(Material for this exercise begins)
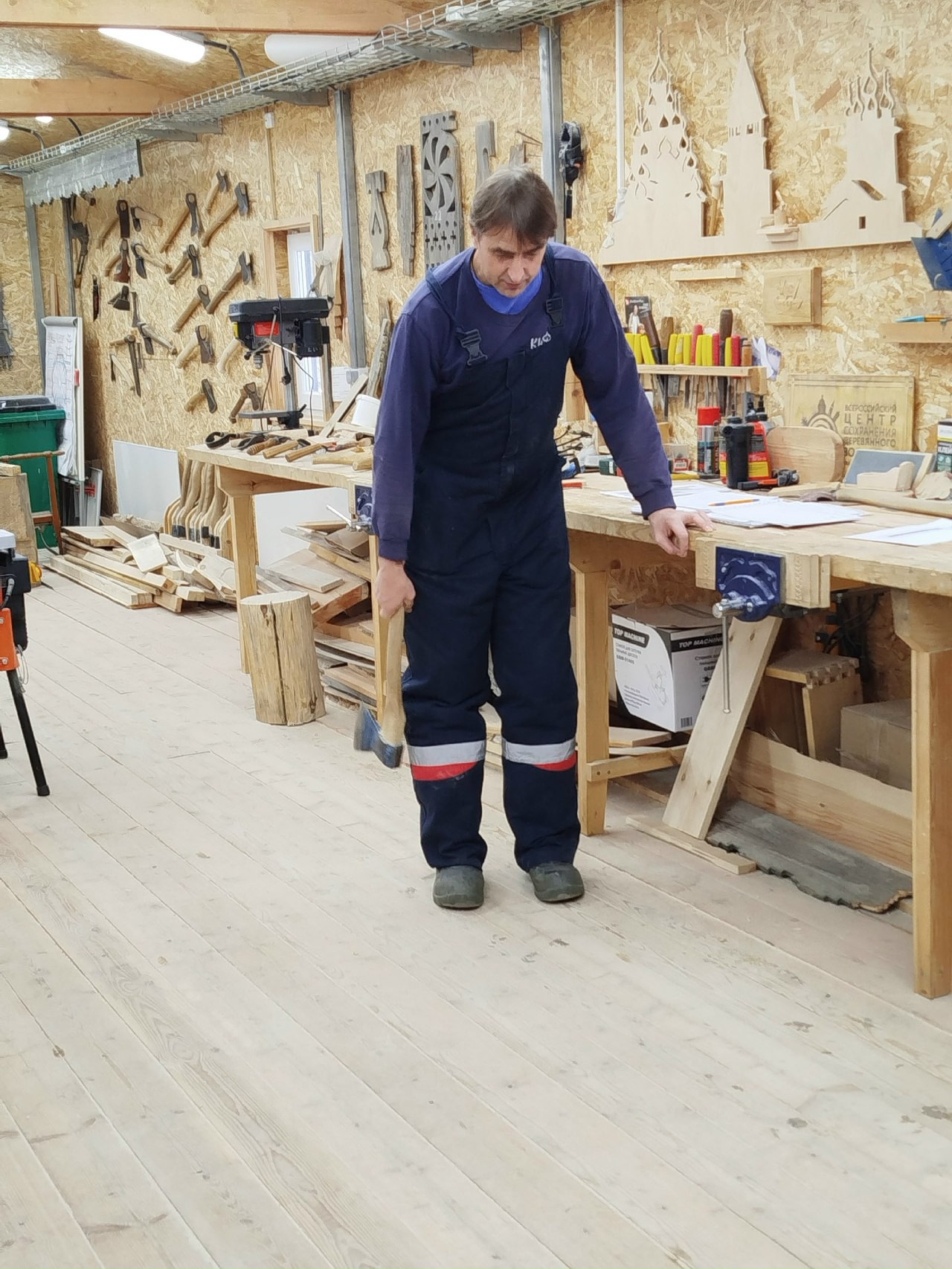Теория на этом курсе сразу же закрепляется практикой. На площадке центра учащиеся совершенствуют свои навыки владения традиционными плотницкими инструментами. Топор, скобель и долото – используя всего лишь эти три инструмента зодчие XVIII века строили удивительные по красоте и инженерным решениям храмы.
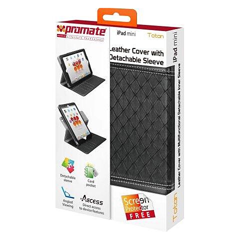 The Promate Totan Leather Cover with Multifunctional Detachable Inner Sleeve for iPad mini provides a sophisticated classic design with detachable leather sleeve case for iPad mini. Totan is a versatile solution and utilizes a unique system of poppers and buttons enabling the case to be transformed into a removable, separate sleeve cover for the iPad mini. When opened, the iPad mini can be displayed horizontally and vertically while getting benefit of an inner pocket card holder. Totan serves as the choice for iPad mini device ensuring complete protection without compromising style and design.
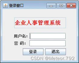 1. import java.awt.Color; 2. import java.awt.Font; 3. import java.awt.GridLayout; 4. import java.awt.event.ActionEvent; 5. import java.awt.event.ActionListener; 6. 7. import javax.swing.JButton; 8. import javax.swing.JFrame; 9. import javax.swing.JLabel; 10. import javax.swing.JOptionPane; 11. import javax.swing.JPasswordField; 12. import javax.swing.JTextField; 13. 14. public class Login extends JFrame{ 15. JLabel jl1,jl2,jl3,jl4; 16. JTextField jtf;//文本框 17. JPasswordField jpf;//密码 18. JButton jb1,jb2; 19. public Login() { 20. this.setTitle("登录窗口"); 21. setBounds(300,300,500,400); 22. //设置窗体为流式布局 23. setLayout(new GridLayout(20,1)); 24. //空布局 25. setLayout(null); 26. init(); 27. setVisible(true); 28. setDefaultCloseOperation(EXIT_ON_CLOSE); 29. jb1.addActionListener(new ActionListener(){ 30. public void actionPerformed(ActionEvent e) { 31. if(jtf.getText().trim().equals("admin")&& 32. new String(jpf.getPassword()).trim().equals("123456")) 33. {JOptionPane.showMessageDialog(null, "欢迎进入本系统!"); 34. new MyFrameArea();} 35. else if(jtf.getText().trim().length()==0|| 36. new String(jpf.getPassword()).trim().length()==0) 37. {JOptionPane.showMessageDialog(null, "用户名或密码不能为空!");} 38. else {JOptionPane.showMessageDialog(null, "用户名或密码错误!");} 39. } 40. }); 41. jb2.addActionListener(new ActionListener() { 42. public void actionPerformed(ActionEvent e) { 43. // System.exit(0); 44. //获取事件源对象 45. JButton jb=(JButton)e.getSource(); 46. jtf.setText(jb.getText()); 47. } 48. }); 49. 50. } 51. public void init() { 52. jl1=new JLabel("企业人事管理系统"); 53. jl2=new JLabel("用户名:"); 54. jl3=new JLabel("密码:"); 55. jtf=new JTextField(10); 56. jpf=new JPasswordField(10); 57. jb1=new JButton("登录"); 58. jb2=new JButton("取消"); 59. jl1.setBounds(150,30,200,60); 60. jl2.setBounds(100, 120, 180, 30); 61. jtf.setBounds(200, 120, 180, 30); 62. jl3.setBounds(100, 180, 180, 30); 63. jpf.setBounds(200, 180, 180, 30); 64. jb1.setBounds(100, 260, 100, 30); 65. jb2.setBounds(220, 260, 100, 30); 66. Font font = new Font("楷体",Font.PLAIN,25); 67. jl1.setFont(font); 68. jl1.setForeground(Color.red); 69. add(jl1); 70. add(jl2); 71. add(jtf); 72. add(jl3); 73. add(jpf); 74. add(jb1); 75. add(jb2); 76. } 77. public static void main(String[] args) { 78. new Login(); 79. } 80. }
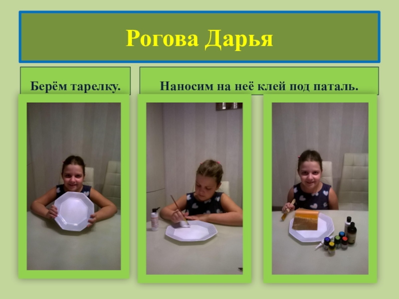 Рогова ДарьяБерём тарелку.Наносим на неё клей под паталь.
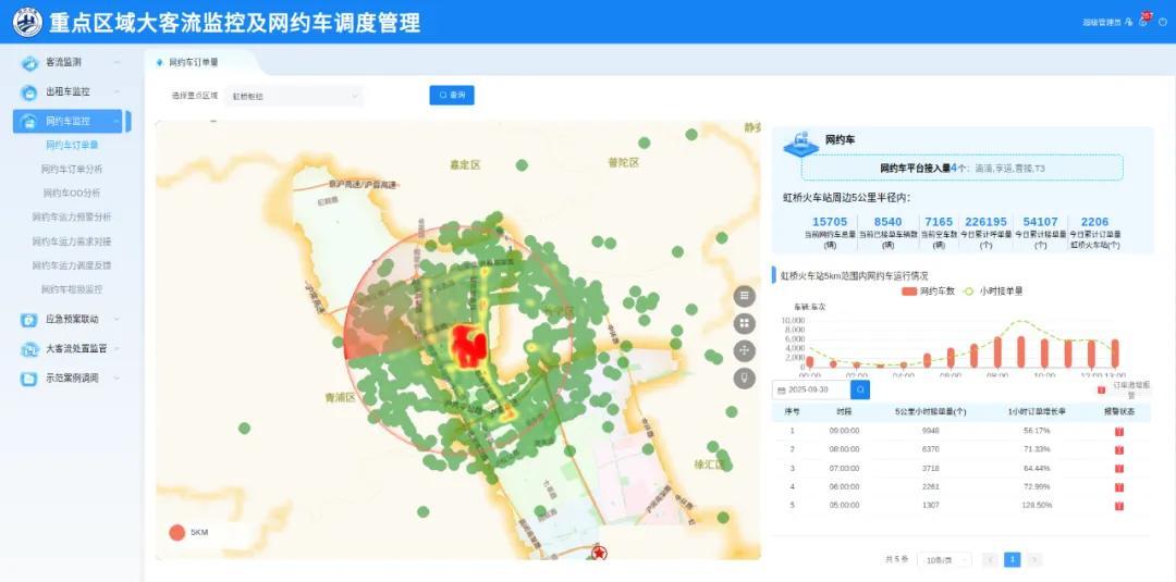 滴滴、高德、享道、曹操、T3等網約車平臺於節假日期間安排人員入駐ERC(應急響應中心)參與現場保障。各平臺通過實施駕駛員獎勵政策、擴大調度範圍、羣廣播推送引導等舉措,確保運力充足、響應及時。同時,利用“重點區域大客流監控及網約車調度管理”平臺,根據鐵路到達客流,實時調整網約車運力調度。
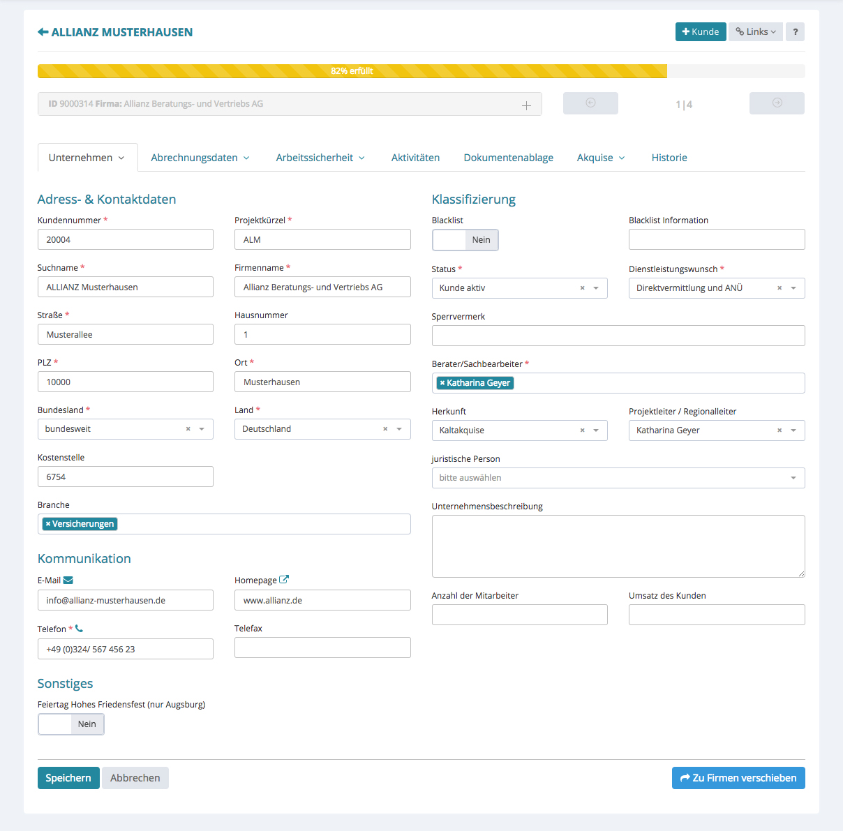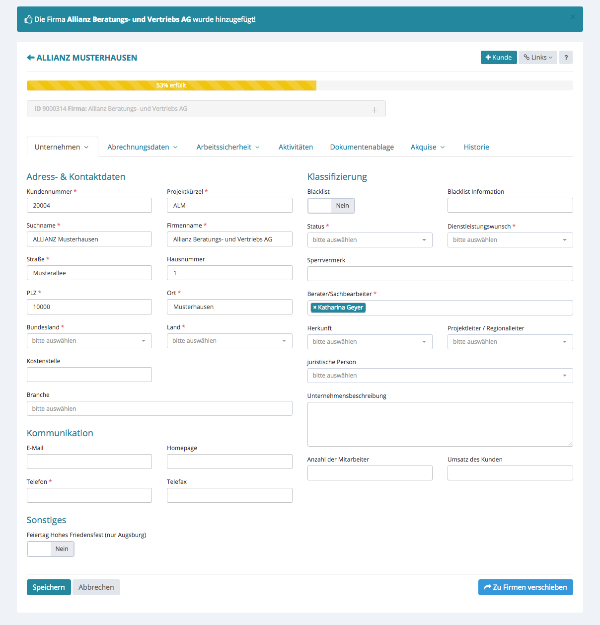 Oftmals sind Firmen Tochterunternehmen anderer Firmen. Um hier den Überblick zu behalten, kann man das zugehörige Unternehmen eintragen.
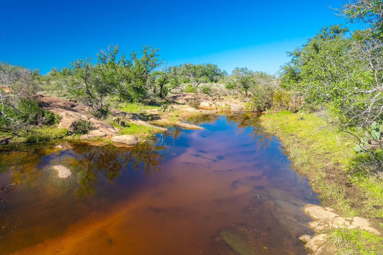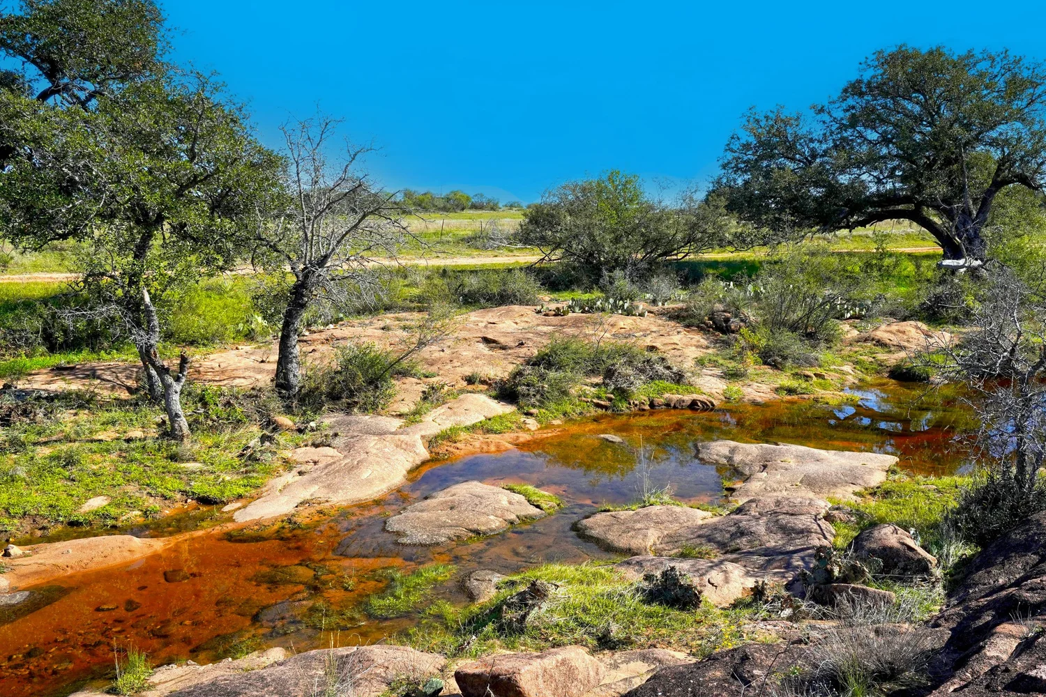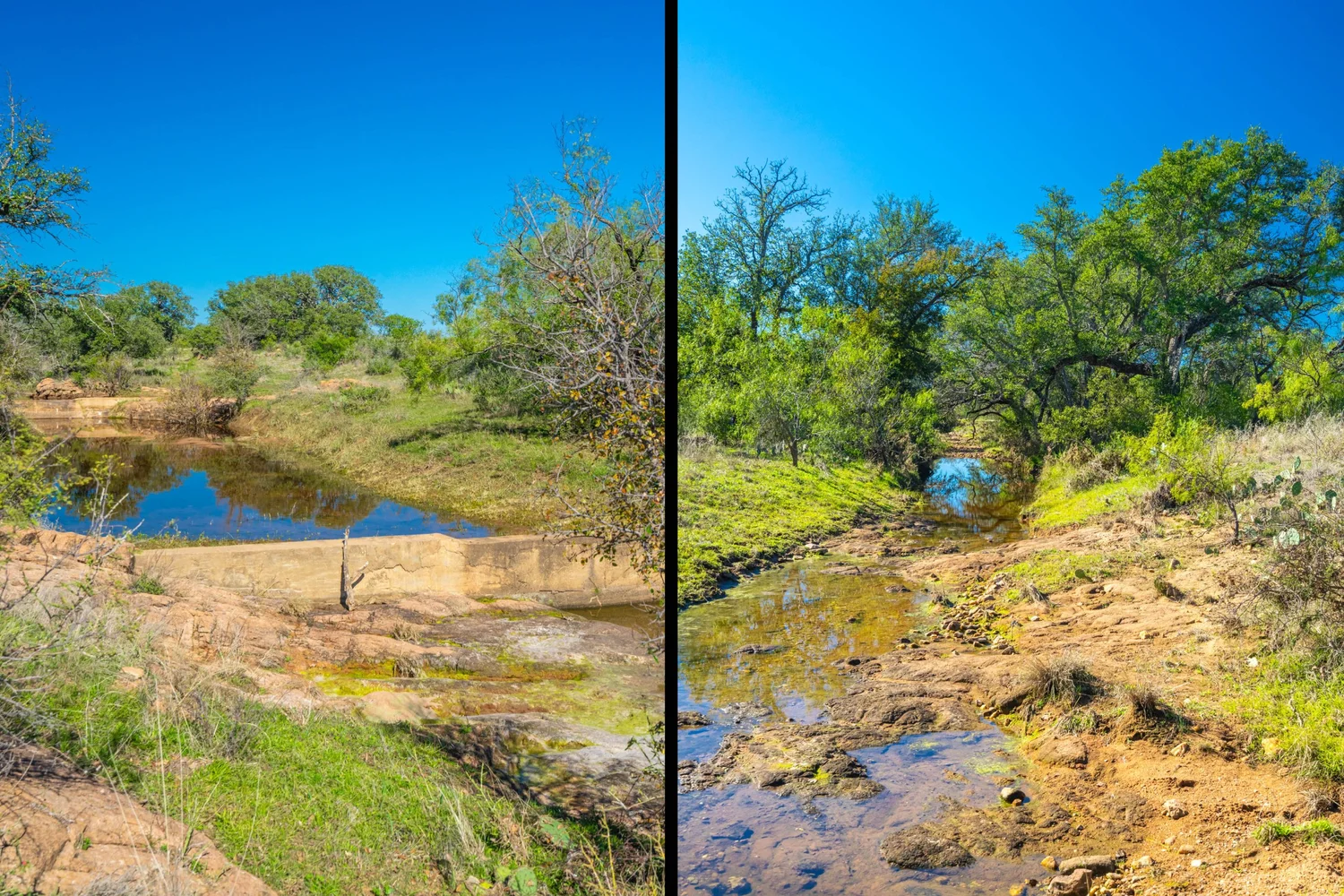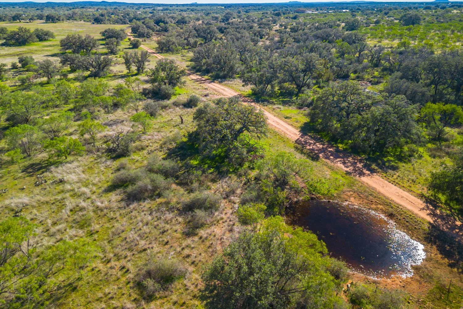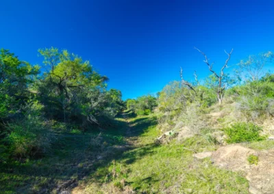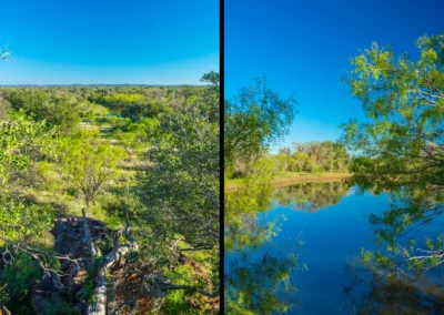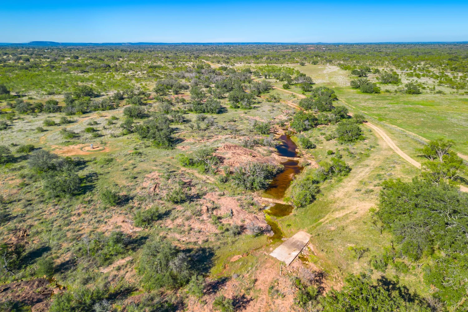 There is a secondary creek, lined with intricate granite outcroppings, that enters this portion of the property along the west boundary, then turns south and eventually flows into the Llano River. Along this 4,420’ creek, there are three (3) concrete “spreader” dams that back up water seasonally. The largest is a 0.30 pond on the upper end of the drainage. There is also a 0.25 ac pond with an earthen dam near the west fence line. There are no water wells on this tract.
(Material for this exercise ends)
| What needs to be done |
A verbatim printout of the entries above is expected, free of pictures.

| Task answer |
Теория на этом курсе сразу же закрепляется практикой. На площадке центра учащиеся совершенствуют свои навыки владения традиционными плотницкими инструментами. Топор, скобель и долото – используя всего лишь эти три инструмента зодчие XVIII века строили удивительные по красоте и инженерным решениям храмы.
 The Promate Totan Leather Cover with Multifunctional Detachable Inner Sleeve for iPad mini provides a sophisticated classic design with detachable leather sleeve case for iPad mini. Totan is a versatile solution and utilizes a unique system of poppers and buttons enabling the case to be transformed into a removable, separate sleeve cover for the iPad mini. When opened, the iPad mini can be displayed horizontally and vertically while getting benefit of an inner pocket card holder. Totan serves as the choice for iPad mini device ensuring complete protection without compromising style and design.
 1. import java.awt.Color; 2. import java.awt.Font; 3. import java.awt.GridLayout; 4. import java.awt.event.ActionEvent; 5. import java.awt.event.ActionListener; 6. 7. import javax.swing.JButton; 8. import javax.swing.JFrame; 9. import javax.swing.JLabel; 10. import javax.swing.JOptionPane; 11. import javax.swing.JPasswordField; 12. import javax.swing.JTextField; 13. 14. public class Login extends JFrame{ 15. JLabel jl1,jl2,jl3,jl4; 16. JTextField jtf;//文本框 17. JPasswordField jpf;//密码 18. JButton jb1,jb2; 19. public Login() { 20. this.setTitle("登录窗口"); 21. setBounds(300,300,500,400); 22. //设置窗体为流式布局 23. setLayout(new GridLayout(20,1)); 24. //空布局 25. setLayout(null); 26. init(); 27. setVisible(true); 28. setDefaultCloseOperation(EXIT_ON_CLOSE); 29. jb1.addActionListener(new ActionListener(){ 30. public void actionPerformed(ActionEvent e) { 31. if(jtf.getText().trim().equals("admin")&& 32. new String(jpf.getPassword()).trim().equals("123456")) 33. {JOptionPane.showMessageDialog(null, "欢迎进入本系统!"); 34. new MyFrameArea();} 35. else if(jtf.getText().trim().length()==0|| 36. new String(jpf.getPassword()).trim().length()==0) 37. {JOptionPane.showMessageDialog(null, "用户名或密码不能为空!");} 38. else {JOptionPane.showMessageDialog(null, "用户名或密码错误!");} 39. } 40. }); 41. jb2.addActionListener(new ActionListener() { 42. public void actionPerformed(ActionEvent e) { 43. // System.exit(0); 44. //获取事件源对象 45. JButton jb=(JButton)e.getSource(); 46. jtf.setText(jb.getText()); 47. } 48. }); 49. 50. } 51. public void init() { 52. jl1=new JLabel("企业人事管理系统"); 53. jl2=new JLabel("用户名:"); 54. jl3=new JLabel("密码:"); 55. jtf=new JTextField(10); 56. jpf=new JPasswordField(10); 57. jb1=new JButton("登录"); 58. jb2=new JButton("取消"); 59. jl1.setBounds(150,30,200,60); 60. jl2.setBounds(100, 120, 180, 30); 61. jtf.setBounds(200, 120, 180, 30); 62. jl3.setBounds(100, 180, 180, 30); 63. jpf.setBounds(200, 180, 180, 30); 64. jb1.setBounds(100, 260, 100, 30); 65. jb2.setBounds(220, 260, 100, 30); 66. Font font = new Font("楷体",Font.PLAIN,25); 67. jl1.setFont(font); 68. jl1.setForeground(Color.red); 69. add(jl1); 70. add(jl2); 71. add(jtf); 72. add(jl3); 73. add(jpf); 74. add(jb1); 75. add(jb2); 76. } 77. public static void main(String[] args) { 78. new Login(); 79. } 80. }
 Рогова ДарьяБерём тарелку.Наносим на неё клей под паталь.
 滴滴、高德、享道、曹操、T3等網約車平臺於節假日期間安排人員入駐ERC(應急響應中心)參與現場保障。各平臺通過實施駕駛員獎勵政策、擴大調度範圍、羣廣播推送引導等舉措,確保運力充足、響應及時。同時,利用“重點區域大客流監控及網約車調度管理”平臺,根據鐵路到達客流,實時調整網約車運力調度。
 Oftmals sind Firmen Tochterunternehmen anderer Firmen. Um hier den Überblick zu behalten, kann man das zugehörige Unternehmen eintragen.
 There is a secondary creek, lined with intricate granite outcroppings, that enters this portion of the property along the west boundary, then turns south and eventually flows into the Llano River. Along this 4,420’ creek, there are three (3) concrete “spreader” dams that back up water seasonally. The largest is a 0.30 pond on the upper end of the drainage. There is also a 0.25 ac pond with an earthen dam near the west fence line. There are no water wells on this tract.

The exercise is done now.